Copy out the data exactly as it appears, without a single image.

## Data block
Content starts
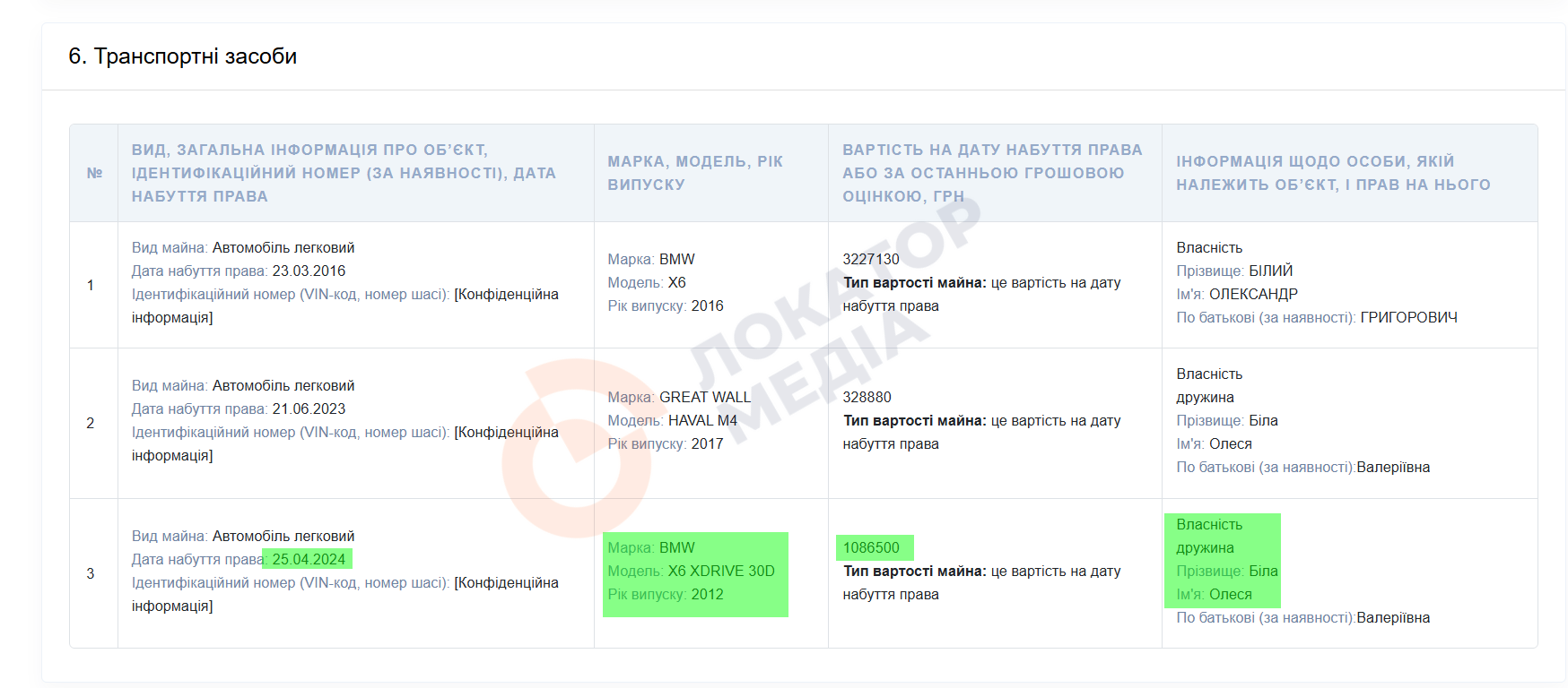 Має авто BMW X6 і сам Олександр Білий. Він його придбав з салону в березні 2016 року за 3,2 мільйона гривень.
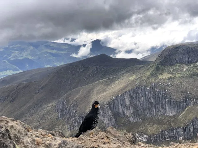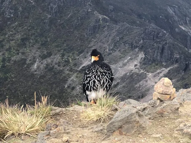 On the summit we were greeted by two Mountain Caracara birds who seem to originate in Panama but like to live in Ecuadoran Mountains above 14,000-feet. Like most mountain birds, they have figured out people mean food, but I saw no one feeding them.
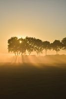 Een mistige oktober ochtend. De zon verschijnt langzaam door de bomen en de eerste zonneharpen vinden hun weg door een mistig landschap. Genomen in de Overijsselse IJsseldelta in oktober.
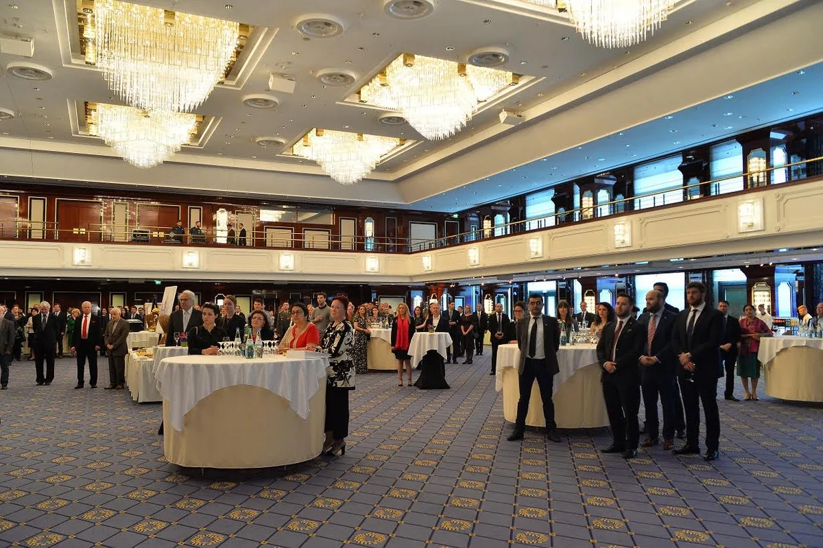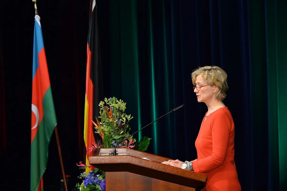 Azərbaycanın Almaniyadakı səfirliyindən "Report"a verilən məlumata görə, tədbirdə əvvəlcə Azərbaycan və Almaniyanın dövlət himnləri səsləndirilib.
Content ends
## Answer section
 Має авто BMW X6 і сам Олександр Білий. Він його придбав з салону в березні 2016 року за 3,2 мільйона гривень.
 On the summit we were greeted by two Mountain Caracara birds who seem to originate in Panama but like to live in Ecuadoran Mountains above 14,000-feet. Like most mountain birds, they have figured out people mean food, but I saw no one feeding them.
 Een mistige oktober ochtend. De zon verschijnt langzaam door de bomen en de eerste zonneharpen vinden hun weg door een mistig landschap. Genomen in de Overijsselse IJsseldelta in oktober.
 Azərbaycanın Almaniyadakı səfirliyindən "Report"a verilən məlumata görə, tədbirdə əvvəlcə Azərbaycan və Almaniyanın dövlət himnləri səsləndirilib.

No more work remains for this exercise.